Бросившись через дорогу, я едва не сбил с ног женщину в мехах до пола, выходившую из шикарной черной машины, припаркованной у тротуара. Посторонившись, я машинально поднял глаза и увидел, что она значительно моложе Нины и внешне простовата; но меня поразило выражение ее лица, подмеченное мною, когда она в своей лоснящейся, летящей следом шубе прошла совсем рядом, направляясь к подъезду: у нее на губах и в глазах блуждала улыбка, охватывающая все и ничто. У меня тут же вспыхнуло презрение — к ней, к ее роскошному наряду, к «Волге», оставшейся у нее за спиной, к ее откровенному и сокровенному довольству, — и, заслышав повторный стук дверцы, я злорадно обернулся, уже гадая, следы каких преступлений — алчности ли, низости ли, бездушия ли — клеймили лицо ее мужа, ибо за такой образ жизни определенно приходится платить. Столь же быстро, как вспыхнуло, мое презрение угасло, сменившись другим, более темным чувством. Меня миновал мой ровесник, сутуловатый, с добрыми глазами за толстыми стеклами очков, который вел за руку закутанного ребенка.
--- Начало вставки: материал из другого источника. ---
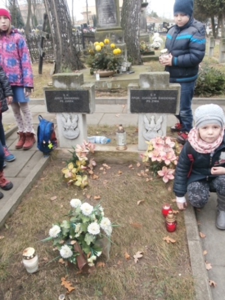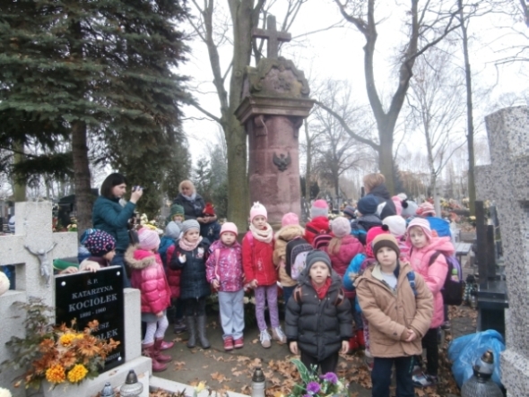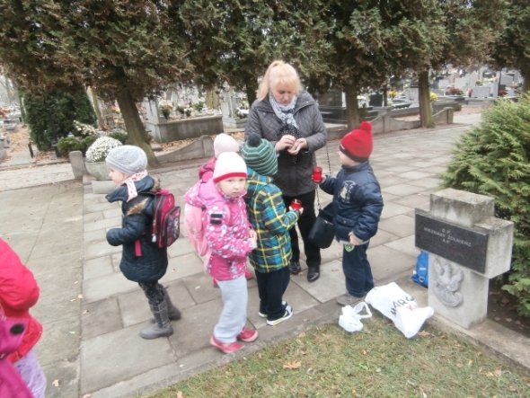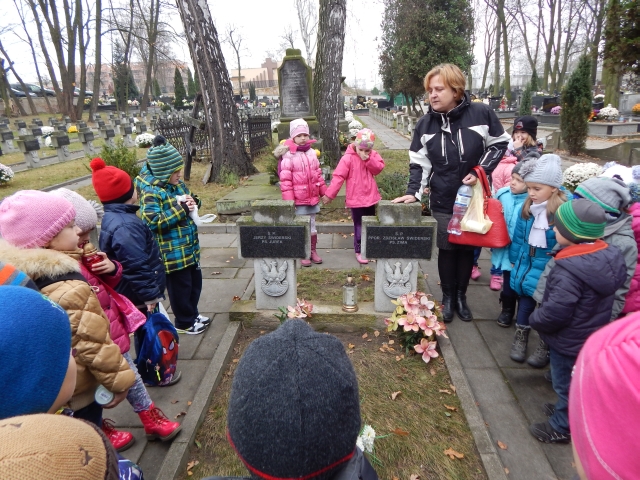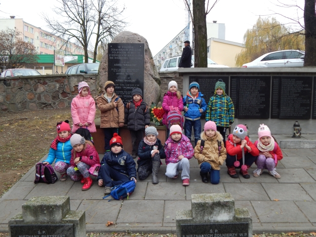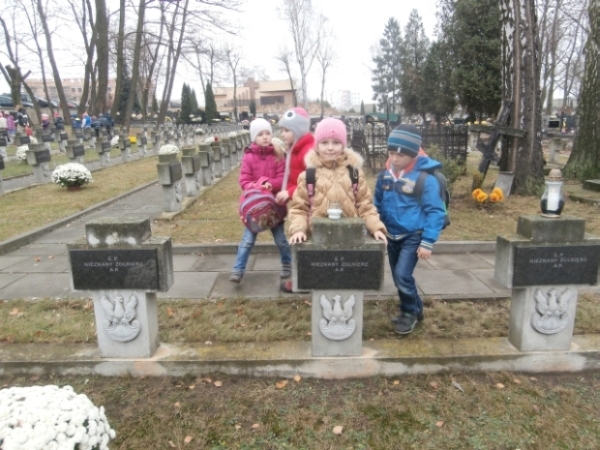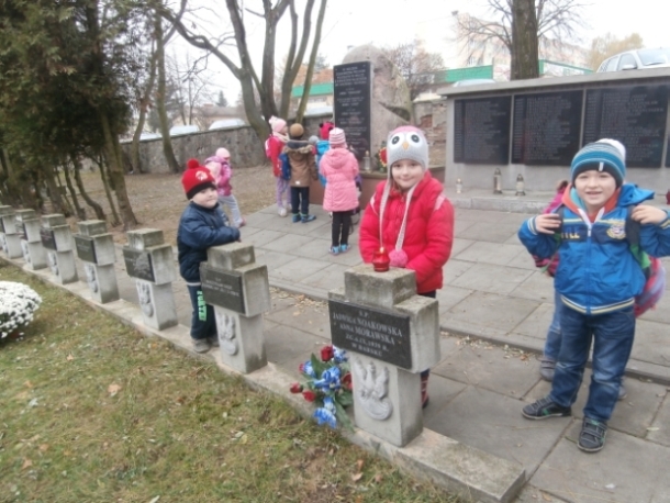 Dnia 13 listopada 2014r. dzieci z oddziałów przedszkolnych i kl I uczestniczyły w wycieczce do Rawy Mazowieckiej. Odwiedziły cmentarz żołnierzy poległych w czasie II wojny światowej. Zapaliły znicze. Zapoznały się z tragiczną historią braci Świderskich, których imieniem została nazwana jedna z ulic w Rawie Mazowieckiej. Złożyły również kwiaty pod Pomnikiem Powstańców Styczniowych. Była to wspaniała lekcja patriotyzmu.

Я успел заметить воздетое сердцевидное личико с пушистыми от снега ресницами, и услышал, как отец негромко рассказывает: «И вот принцесса и мышиный король отправились в замок на чаепитие, а там…» Молодая мать с улыбкой поджидала их у подъезда. Дверь распахнулась и, перед тем как захлопнуться мгновение спустя, открыла моему взгляду мраморный пол вестибюля с колоннами, бронзовые светильники и зеркала, в которых мельком скользнули серебристые лодочки на шпильках, начищенные кожаные полуботинки и похожее на медвежонка трехлетнее создание в шубке и красных варежках, тащившее за хвост игрушечную лошадку…

Они скрылись из виду, их персональный автомобиль крадучись укатил в ночь, и улица снова опустела, но я замер на месте, резко выхваченный из бездумного дрейфа всей прошлой недели. Во рту у меня горело от выпитого коньяка, снег колол мою шею, мои голые руки, а надо мной в небесах плыли редкие освещенные окна, за которыми семьи собирались, наверное, под разноцветными абажурами, объединенные мирными, неведомыми мне домашними удовольствиями, и многочисленные темные окна, сливавшиеся с тучами, за которыми другие семьи, несомненно, уже спали спокойным сном без сновидений, сном благополучия. И пока я так стоял, задрав голову, глядя в небо, я понял — впервые после катастрофы в Манеже, — что ждет меня в этой жизни.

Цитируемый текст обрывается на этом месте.